During this process, you’ll need a deep understanding of the search engine’s limitations (e.g., Googlebot doesn’t scroll, doesn’t click, etc.), and of course, you need decent technical SEO knowledge. Misdiagnosing rendering problems during this step may lead to unnecessary and expensive code changes.
Once you establish that your content is, in fact, fully accessible and indexable for Google, it is time to start looking into the specific scripts that are not being executed by Google. This is a broad topic, but let me just mention some areas to investigate.
The cost of your website’s scripting and rendering
- Does your web development team have web performance budgets set? If they do, are they within those budgets? How are those budgets set?
- Do you actually need that much script executed just to generate your product page’s layout? Maybe some of your scripts have features that may be only served to users and not search engines?
- Are you optimizing your critical rendering path? Is your website benefiting from progressive rendering?
How is your code structured throughout the website?
- Do you use one, the same, large JS/CSS file for every page within your website?
- How much code is not necessary? Getting familiar with the Coverage tab in the Chrome Dev Tools is definitely a good idea. Optimizing CSS/JS is definitely a lot of development work, but this is definitely worth the effort.
Is the content that’s not indexed relevant to the main content of your page?
- If you are using a section of your layout to do “PageRank sculpting” or as a solution to your poor information architecture or internal link structure, Google may start ignoring it.
- Is your main content/product page about running shoes and your “related items” section is full of digital cameras? Martin Splitt from Google recently confirmed that if some part of your page is not “supporting” your main content, Google may also skip indexing it.

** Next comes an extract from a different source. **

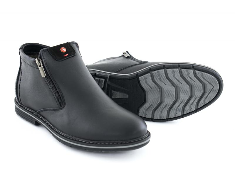 Тёплые мужские кожаные зимние ботинки. Зимняя обувь утеплена шерстью, на змейках в класическом стиле и черном цвете. ПО СТЕЛЬКЕ 26 СМ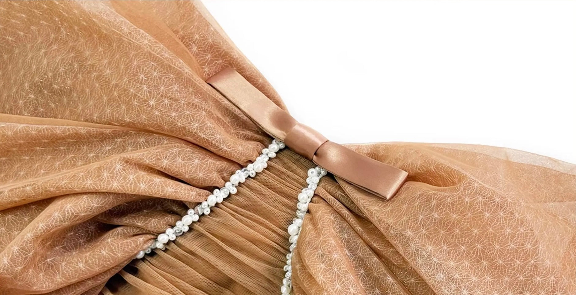 We’ve crafted ‘Keren’ in a dreamy soft mesh that’s smooth to the touch, feather-light, and just stretchy enough to sculpt and flatter without ever feeling tight. The structured bustier bodice is adorned with a statement front bow and delicate pearl fringe that adds just the right amount of romantic drama.

The list above is by no means definitive. However, diagnosing and fixing partial indexing problems becomes easier over time. As with most technical SEO tasks, our goal is to make the search engine’s job easy. This one is no exception.
Breaking the vicious cycle
Most of the time, partial indexing is a symptom of bigger-picture technical SEO issues. When we first started looking into partial indexing a few years back, we didn’t take this issue seriously enough.

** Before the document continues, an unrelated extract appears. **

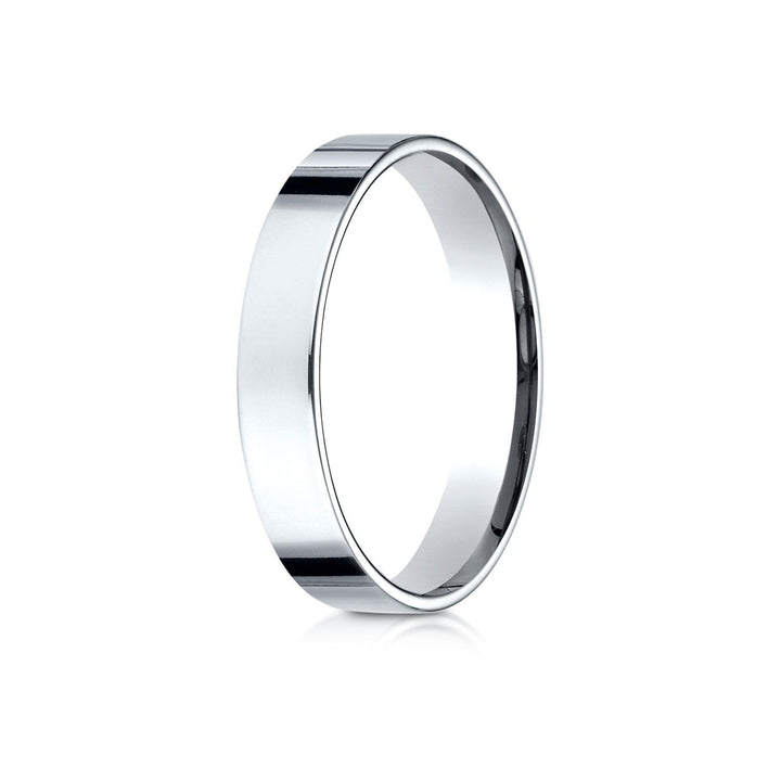 This Beautiful 14 Karat White Gold 4mm Band Features A Flat Surface For A More Modern Look. It Also Features A Comfort-fit On The Inside For Unforgettable Comfort.

Partial indexing means that you lose both control and understanding of your website’s graph. I have yet to see a website where partial indexing isn’t connected to other technical SEO issues. The example above is the most popular, judging from our data, but the options are unlimited.
Getting started with Rendering SEO
Rendering SEO is focusing on three key elements.

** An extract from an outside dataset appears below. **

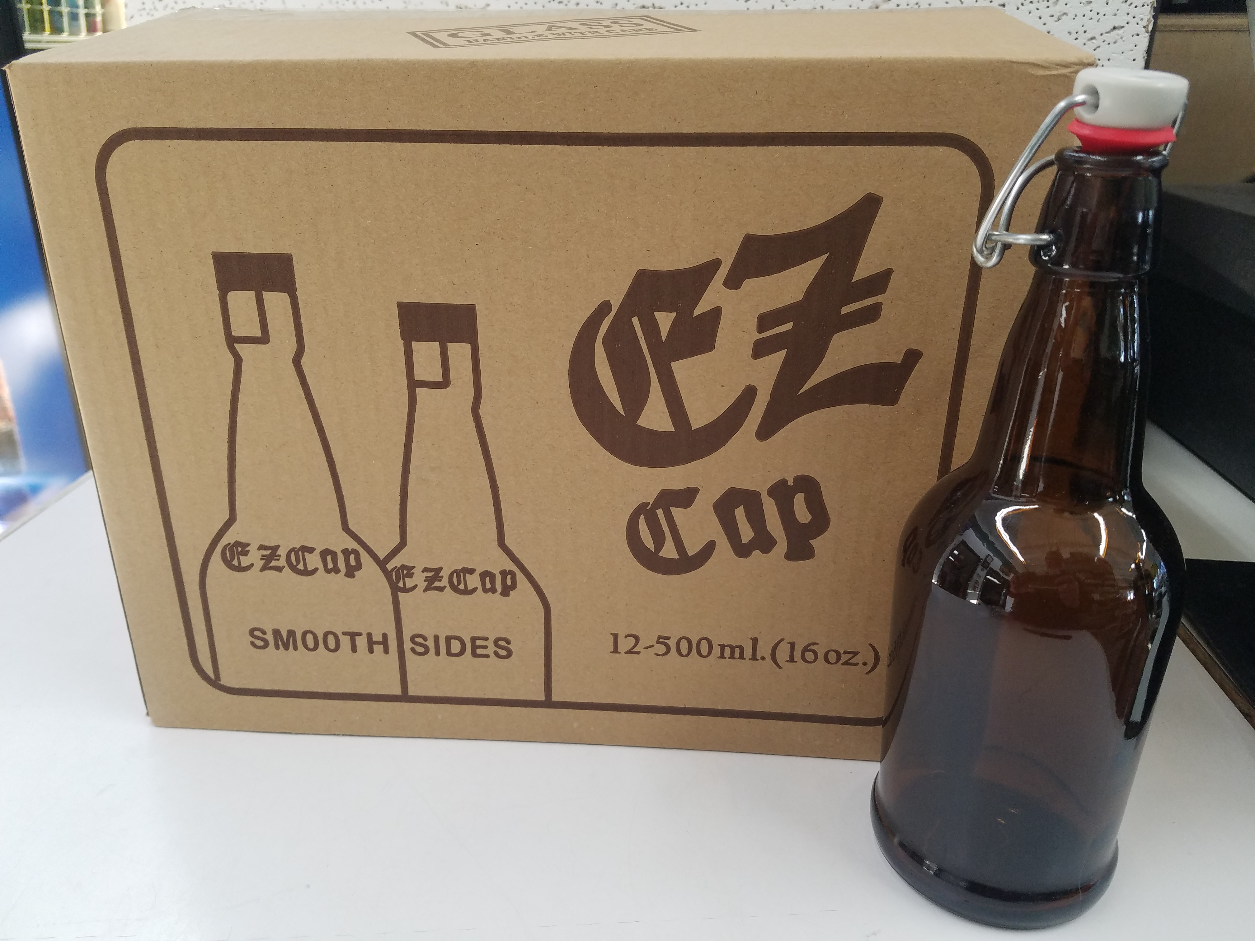 16 OZ. EZ CAP BEER BOTTLE- AMBER- CASE OF 12. EZ CAP BEER BOTTLES ARE GREAT BECAUSE THEY DO NOT REQUIRE A CAPPER, SINCE THEY COME COMPLETE WITH GROLSCH-STYLE SWING-CAP (INCLUDED). THE RUBBER GASKETS WILL LAST FOR AT LEAST 5 OR 6 USES. 12 BOTTLES TO A CASE.

- The layout of your page.
- Relationship of your layout with parts of your code.
- How search engines understand and process both the layout and your code.
- Google will often skip indexing parts of the content, even for pages that are 100% HTML/CSS based.
When we started to analyze our dataset of partially indexed pages with LAYOUT in mind, we finally understood its importance.
Just to go through one example, content prominence seems to be a powerful metric and one we didn’t pay enough attention to. Google will go through heavy JS files just to make sure that your main, most prominent content is indexed.
At the same time, search engines will happily skip indexing of lightweight HTML/CSS content if it is not relevant to the most prominent part of the layout. Understanding how Google is assessing different parts of your layout is one of the most important things when it comes to getting your website ranking well in Google.
Getting your content rendered and indexed by Google is not a given. If anything, we can assume that getting your content into Google’s index will become harder and harder.
With billions of websites flooding the web while shipping code that is increasingly expensive to parse and render, search engines will have to pick content that is worthy of its price in the resources spent on indexing it.
I truly hope that I’ve managed to get you interested in the topic of Rendering SEO. While it’s one of the biggest challenges we are facing as technical SEOs, it comes with tremendous potential to make your website grow.